Second Generation MUC1-CAR T Therapy Cleared for Solid Tumor Trial


huMNC2-CAR22 is designed to avoid off-tissue expression and reduce T-cell exhaustion.

The FDA has accepted Minerva Biotechnologies’ investigational new drug application for a MUC1*-targeting chimeric antigen receptor (CAR) T-cell therapy huMNC2-CAR22 for the potential treatment of solid tumors.1

“These 1XX mutations solve the two hurdles that have thus far stood in the way of an effective CAR T treatment for solid tumor cancers: 1) CAR T cell exhaustion; and 2) failure to kill the low antigen expressing cells,” Cynthia Bamdad, PhD, chief executive and scientific officer, Minerva, said in a statement.1 “Together with our MUC1* antibodies that recognize an epitope only available on cancer cells, huMNC2-CAR22 promises to be a big leap ahead in our fight against cancers.”

huMNC2-CAR22 will be evaluated in an ongoing phase 1/2 study (NCT04020575) alongside huMNC22-CAR44 that is currently being evaluated for the potential treatment of metastatic breast cancer.
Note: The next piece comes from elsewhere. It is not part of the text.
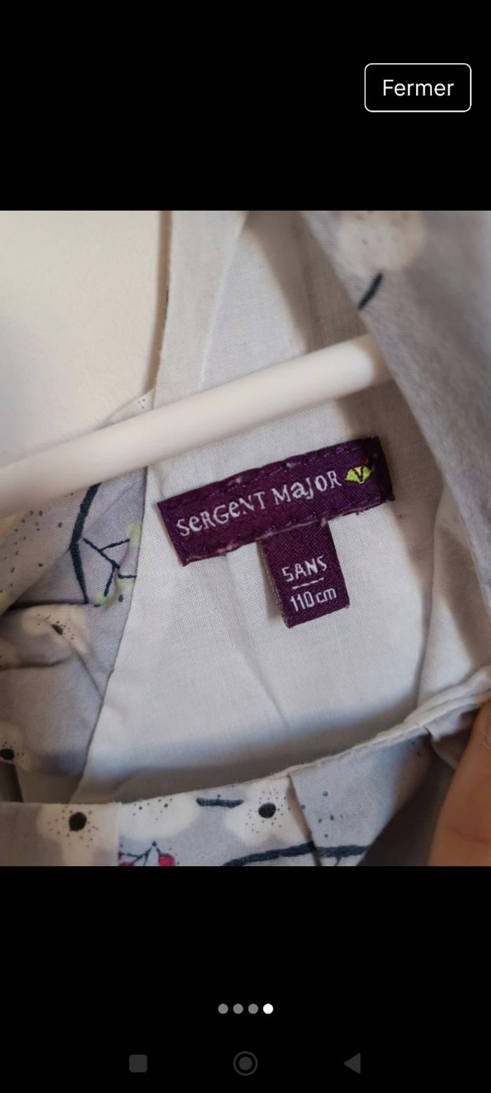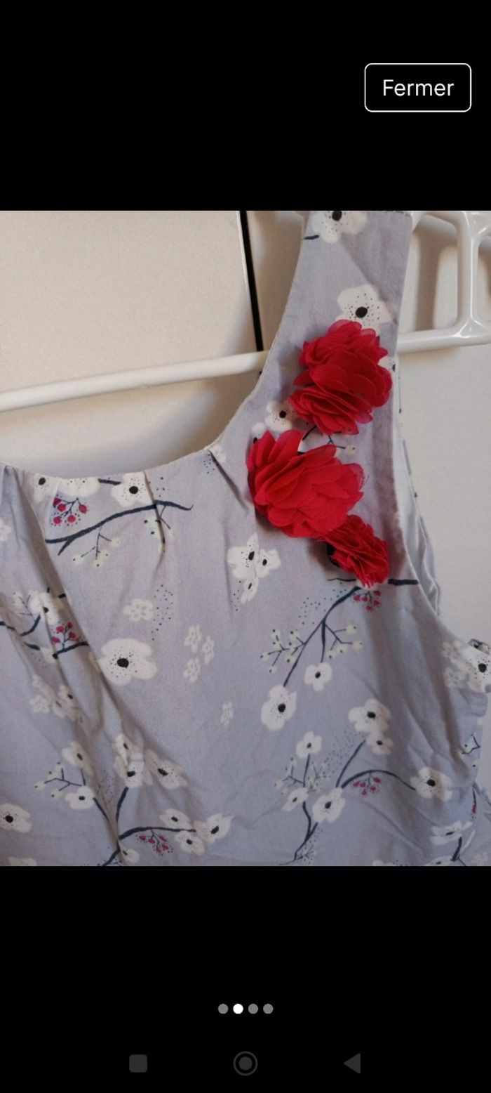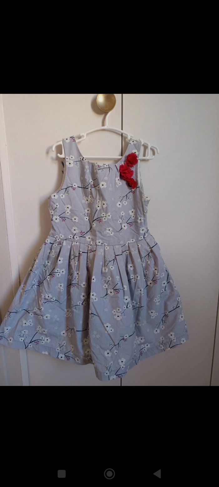 Jolie robe grise avec fleurs de cerisiers blanches et sur un côté des fleurs rouges. taille 5 ans Marque sergent major

Minerva stated that CAR T-cell expansion has been observed in this trial along with best responses of stable disease and partial response with huMNC22-CAR44 treatment. However, the company has developed huMNC2-CAR22 with 1XX mutations in the CD3-z signaling domain to reduce T-cell exhaustion, increase persistence, and therefore produce a more durable response. Minerva also asserted that the 1XX mutations allow CAR cells to recognize and kill the low MUC1*-expressing cancer cells to mimize cancer recurrence.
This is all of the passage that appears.